Никанорыч неловко приобнял ее за плечи, прикрытые тонкой тканью легкого сарафанчика, коснулся седыми усами пышных волос:
– Ладно уж... – коротко и сильно вдохнул запах: от Натки пахло летним зноем, юным тугим телом и нерастраченной страстью. Под его рукой вздрогнула гибкая спина – вскинув глаза, девушка глянула снизу вверх и выдохнула:
– Ты мой дедуля, я твоя внучка... Правда? Я твоя, правда? – из-под пушистых ресниц окатила его вовсе не родственным жаром, прижалась плотнее – твердые груди словно вырывались из сарафанчика, дрогнули ноги, слегка, но очень понятно изогнулось все тело, но Никанорыч решительно, хотя и несильно, отстранил от себя:
– Ох и егоза ты, Натка! Право слово, егоза... Пошли в дом, пока прямо тут до греха не довела.

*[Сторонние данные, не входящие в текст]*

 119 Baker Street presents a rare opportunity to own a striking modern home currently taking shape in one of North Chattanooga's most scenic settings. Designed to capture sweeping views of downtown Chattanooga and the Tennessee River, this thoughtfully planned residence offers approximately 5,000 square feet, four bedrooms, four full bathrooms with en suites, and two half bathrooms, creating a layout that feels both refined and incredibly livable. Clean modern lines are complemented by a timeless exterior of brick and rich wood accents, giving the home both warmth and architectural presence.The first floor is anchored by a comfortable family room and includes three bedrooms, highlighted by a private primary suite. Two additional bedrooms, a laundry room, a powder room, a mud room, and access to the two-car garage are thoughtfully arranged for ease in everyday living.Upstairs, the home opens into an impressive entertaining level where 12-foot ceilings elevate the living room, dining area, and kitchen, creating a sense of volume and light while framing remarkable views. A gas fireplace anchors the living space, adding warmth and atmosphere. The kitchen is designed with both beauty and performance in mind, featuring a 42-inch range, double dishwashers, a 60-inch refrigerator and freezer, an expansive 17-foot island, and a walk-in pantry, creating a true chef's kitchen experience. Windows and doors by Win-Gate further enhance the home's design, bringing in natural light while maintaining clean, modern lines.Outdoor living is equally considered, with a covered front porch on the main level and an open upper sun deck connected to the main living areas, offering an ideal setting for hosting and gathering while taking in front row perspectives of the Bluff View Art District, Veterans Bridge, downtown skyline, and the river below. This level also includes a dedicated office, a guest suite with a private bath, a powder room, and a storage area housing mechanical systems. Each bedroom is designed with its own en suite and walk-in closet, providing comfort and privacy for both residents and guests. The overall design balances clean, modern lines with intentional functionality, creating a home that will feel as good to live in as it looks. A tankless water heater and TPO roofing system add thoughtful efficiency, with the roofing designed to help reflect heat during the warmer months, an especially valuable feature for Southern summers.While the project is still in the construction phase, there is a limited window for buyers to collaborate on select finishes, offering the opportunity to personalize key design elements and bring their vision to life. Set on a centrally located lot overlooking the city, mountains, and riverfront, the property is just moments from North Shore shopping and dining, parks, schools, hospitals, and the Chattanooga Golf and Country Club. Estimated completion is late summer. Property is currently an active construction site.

В просторном, крепко сколоченном, основательном, как и сам Никанорыч, доме Натка без умолку говорила, между делом выкладывая на стол всякие городские разности. Говорила о занятиях, подружках, приключениях, обо всем – но любой деревенский житель не понял бы главного: а почему ни слова о родне? Все-таки дед да внучка...
Но разве можно верить словам? У Никанорыча не то что внучек – семьи отродясь не было. Прокрутила, промусолила жизнь бобылем – но крепок оказался мужик, не растерял ни сути своей, ни воли, ни правды. Насчет «воли» – оно так, к слову... От сумы да от тюрьмы!

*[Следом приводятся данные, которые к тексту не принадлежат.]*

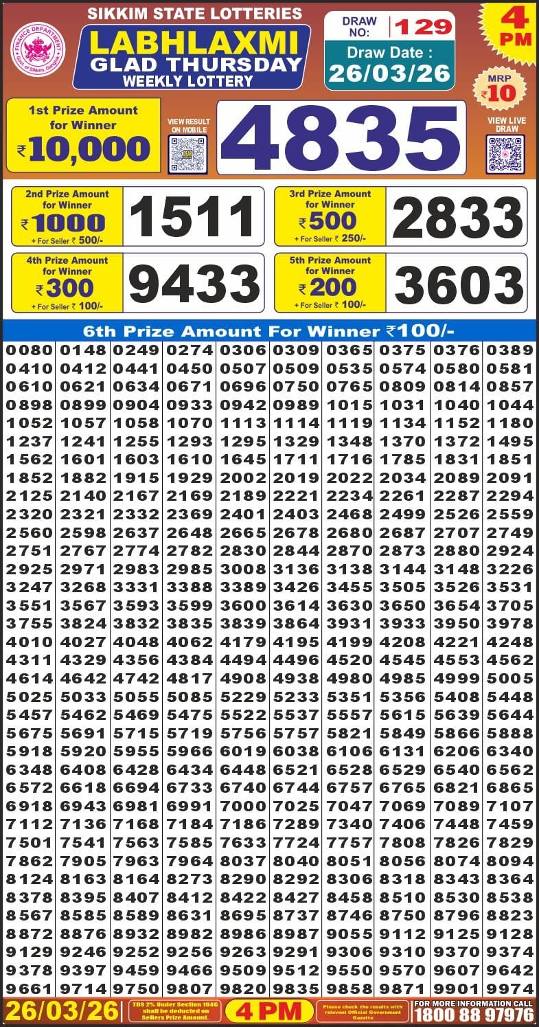 LabhLaxmi Lottery Result Today 4 PM – 26 March 2026 – Live Draw & Winners March 26, 2026 Related Results LabhLaxmi Lottery Result Today 4 PM – 05 February 2026 – Live Draw & Winners LabhLaxmi Lottery Result Today 4 PM – 09 January 2026 – Live Draw & Winners LabhLaxmi Lottery Result Today 4 PM – 06 October 2025 – Live Draw & Winners LabhLaxmi Lottery Result Today 4 PM – 22 September 2025 – Live Draw & Winners

А Натка? О ней разговор особый, да сейчас и не к месту. Ну, кроме того, что пошел девке семнадцатый, все что надо, при ней, кроме души истосковавшейся. По мужской руке, по власти строгой, по умению не только девичье сердце послушать, но и на путь истинный наставить. Хорошенько наставить, чтобы ум через все ворота до головы добирался!
Как нашлись они, две половинки? И про то не сейчас разговор. А про что?
Ну, про яблочный спас, наверное...
Когда Натка из той же сумки красивую, с ручкой, бутылку вытащила, опять сдвинул брови дед:
– Это что еще за штучки? Деньги девать некуда? Сама знаешь – моего разлива куда лучше будет. Чисто медовая! А для тебя – вареного меду наготовил. Градусов не так уж, но зато вкуснотища!
– А что ты еще для меня приготовил? – хитро прищурилась Натка.
– Поглядишь, попробуешь. Может, и добавки попросишь! – так же хитро ухмыльнулся Никанорыч. Подумал, и добавил, видя, что опять Натка сама ничего сказать не решается. – Когда попробуешь да попросишь, неведомо, а вот должок маленький кое за кем остался... Нет?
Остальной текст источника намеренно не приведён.